Canara, Union Bank, PNB among possible candidates; may lead to recall of Rs 157-bn AT-1 bonds
Five public sector banks (PSBs), including Canara and Union Bank of India, are on the brink of being put under the Reserve Bank of India’s (RBI’s) prompt corrective action (PCA) plan. According to rating agency Icra, their net non-performing assets (NPAs) rose above 6 per cent in December 2017.
If the banking regulator places them under PCA, the action may drive these banks to recall additional tier-1 (AT-1) bonds, which is included in Tier-1 capital, of Rs 157 billion from investors.
Besides Canara and Union Bank, three other PSBs that may come under PCA are Andhra Bank, Punjab National Bank, and Punjab & Sind Bank.
While taking the decision on putting a bank under PCA, the RBI assesses its standing on three counts, namely capital adequacy ratio (CAR), net NPAs, and return on assets (RoA).

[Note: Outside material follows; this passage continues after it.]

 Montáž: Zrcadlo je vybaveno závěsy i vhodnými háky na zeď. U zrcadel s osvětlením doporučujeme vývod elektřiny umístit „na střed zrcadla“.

Banks become PCA candidates when they feel the minimum requirements of CAR or net
NPAs rise above 6 per cent or the RoA is negative for two years. Breach of any one condition is seen as sufficient to trigger PCA.

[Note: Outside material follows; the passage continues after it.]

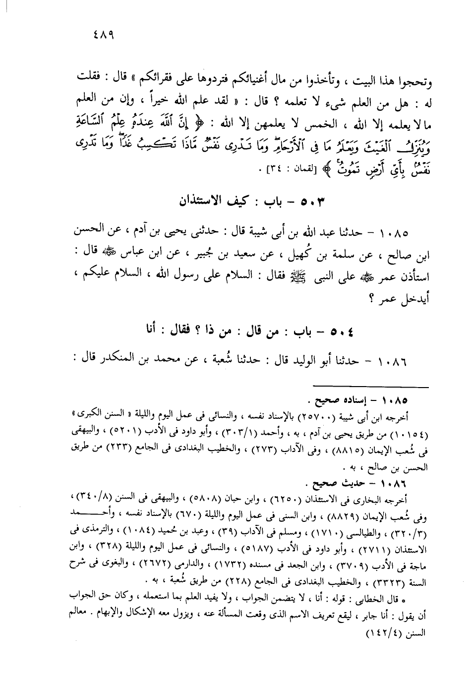 1085- حَدثنا عَبْدُ اللهِ بْنُ أَبِي شَيْبَةَ قَالَ: حَدَّثَنِي يَحْيَى بْنُ آدَمَ، عَنِ الْحَسَنِ بْنِ صَالِحٍ، عَنْ سَلَمَةَ بْنِ كُهَيْلٍ، عَنْ سَعِيدِ بْنِ جُبَيْرٍ، عَنِ ابْنِ عَبَّاسٍ قَالَ: اسْتَأْذَنَ عُمَرُ عَلَى النَّبِيِّ صَلى الله عَلَيهِ وسَلم فَقَالَ: السَّلاَمُ عَلَى رَسُولِ اللهِ، السَّلاَمُ عَلَيْكُمْ، أَيَدْخُلُ عُمَرُ؟.

Those banks under PCA regime face restrictions on expanding loan book, as the aim is to turn the bank around and improve financial and credit profiles.
With losses during the last three years, 11 out of 21 PSBs have been placed under the PCA framework by the RBI.

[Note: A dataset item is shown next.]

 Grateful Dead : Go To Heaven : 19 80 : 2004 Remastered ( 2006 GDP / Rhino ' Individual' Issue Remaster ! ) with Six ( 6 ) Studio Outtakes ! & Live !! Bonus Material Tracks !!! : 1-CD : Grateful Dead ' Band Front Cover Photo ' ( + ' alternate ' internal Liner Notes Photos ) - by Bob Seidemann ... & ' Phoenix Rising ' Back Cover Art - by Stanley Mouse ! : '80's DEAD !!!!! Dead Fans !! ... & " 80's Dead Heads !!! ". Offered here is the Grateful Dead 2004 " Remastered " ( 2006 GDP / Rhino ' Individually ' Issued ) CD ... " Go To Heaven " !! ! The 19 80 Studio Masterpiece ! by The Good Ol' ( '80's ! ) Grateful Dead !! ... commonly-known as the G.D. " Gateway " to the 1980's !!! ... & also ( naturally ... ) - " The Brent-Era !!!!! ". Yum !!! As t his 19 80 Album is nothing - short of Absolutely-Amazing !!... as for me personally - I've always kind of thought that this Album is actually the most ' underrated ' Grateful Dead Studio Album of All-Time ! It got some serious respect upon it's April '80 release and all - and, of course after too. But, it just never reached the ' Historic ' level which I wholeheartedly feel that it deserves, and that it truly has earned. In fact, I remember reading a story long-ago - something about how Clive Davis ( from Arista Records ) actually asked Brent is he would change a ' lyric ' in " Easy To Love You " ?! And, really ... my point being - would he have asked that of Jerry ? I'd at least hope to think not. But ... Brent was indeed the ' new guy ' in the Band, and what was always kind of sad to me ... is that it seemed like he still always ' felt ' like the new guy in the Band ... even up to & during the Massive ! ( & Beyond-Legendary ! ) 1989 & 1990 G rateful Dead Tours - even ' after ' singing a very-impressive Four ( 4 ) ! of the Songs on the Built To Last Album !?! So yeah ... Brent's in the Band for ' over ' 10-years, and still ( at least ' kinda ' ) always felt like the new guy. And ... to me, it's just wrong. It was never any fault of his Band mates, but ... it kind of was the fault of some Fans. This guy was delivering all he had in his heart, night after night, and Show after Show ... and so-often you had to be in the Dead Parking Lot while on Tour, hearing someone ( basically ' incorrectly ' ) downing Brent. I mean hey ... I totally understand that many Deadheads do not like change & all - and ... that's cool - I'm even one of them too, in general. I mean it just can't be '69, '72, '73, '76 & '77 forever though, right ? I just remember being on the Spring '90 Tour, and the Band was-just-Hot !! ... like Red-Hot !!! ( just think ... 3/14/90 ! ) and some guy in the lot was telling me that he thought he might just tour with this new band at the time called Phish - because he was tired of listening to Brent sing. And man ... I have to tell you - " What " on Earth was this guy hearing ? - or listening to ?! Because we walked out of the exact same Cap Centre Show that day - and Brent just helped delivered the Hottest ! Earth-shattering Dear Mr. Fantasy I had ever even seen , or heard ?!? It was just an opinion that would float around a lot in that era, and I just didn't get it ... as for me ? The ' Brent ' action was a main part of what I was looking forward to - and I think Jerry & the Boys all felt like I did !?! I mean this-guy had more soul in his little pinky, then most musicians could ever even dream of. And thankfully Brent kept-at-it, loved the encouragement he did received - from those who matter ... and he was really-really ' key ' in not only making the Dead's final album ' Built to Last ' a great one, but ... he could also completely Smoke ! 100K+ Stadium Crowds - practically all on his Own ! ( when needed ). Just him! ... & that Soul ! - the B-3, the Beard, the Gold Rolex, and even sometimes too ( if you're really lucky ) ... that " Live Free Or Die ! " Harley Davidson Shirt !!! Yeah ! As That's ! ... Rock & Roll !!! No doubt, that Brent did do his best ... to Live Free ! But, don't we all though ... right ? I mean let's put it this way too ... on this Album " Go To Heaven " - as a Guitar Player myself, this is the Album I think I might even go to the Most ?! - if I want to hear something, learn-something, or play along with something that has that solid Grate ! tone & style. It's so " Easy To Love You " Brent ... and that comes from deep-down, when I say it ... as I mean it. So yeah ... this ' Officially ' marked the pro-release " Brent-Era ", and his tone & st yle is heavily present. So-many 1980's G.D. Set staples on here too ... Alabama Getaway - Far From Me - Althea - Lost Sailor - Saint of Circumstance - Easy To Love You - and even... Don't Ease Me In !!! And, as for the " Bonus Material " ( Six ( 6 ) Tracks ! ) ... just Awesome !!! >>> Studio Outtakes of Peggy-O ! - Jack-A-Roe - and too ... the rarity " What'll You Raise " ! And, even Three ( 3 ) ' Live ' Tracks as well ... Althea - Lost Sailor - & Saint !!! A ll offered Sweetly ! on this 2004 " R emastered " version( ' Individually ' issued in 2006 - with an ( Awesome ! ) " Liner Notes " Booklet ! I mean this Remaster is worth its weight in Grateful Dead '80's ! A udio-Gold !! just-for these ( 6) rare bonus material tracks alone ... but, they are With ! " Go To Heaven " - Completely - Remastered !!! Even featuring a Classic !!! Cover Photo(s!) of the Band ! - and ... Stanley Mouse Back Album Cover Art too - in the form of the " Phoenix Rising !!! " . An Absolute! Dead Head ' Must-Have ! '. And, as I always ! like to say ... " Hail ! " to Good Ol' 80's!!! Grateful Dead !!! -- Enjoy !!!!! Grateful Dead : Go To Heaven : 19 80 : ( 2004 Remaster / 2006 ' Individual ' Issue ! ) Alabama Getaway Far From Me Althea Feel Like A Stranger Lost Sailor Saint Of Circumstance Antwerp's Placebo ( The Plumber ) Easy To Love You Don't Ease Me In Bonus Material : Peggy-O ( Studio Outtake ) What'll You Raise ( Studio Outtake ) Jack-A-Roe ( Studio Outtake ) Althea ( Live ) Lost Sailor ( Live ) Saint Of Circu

Prominent amongst them are Bank of India, IDBI Bank, Central Bank of India, Dena Bank, and Corporation Bank.
The inclusion in PCA, coupled with recapitalisation of PSBs, by the government has triggered a ‘regulatory event’ and an early recall of AT-1 bonds by banks under PCA.
These 11 banks account for Rs 219 billion of AT-1 bonds, which are likely to be called off during the next few weeks.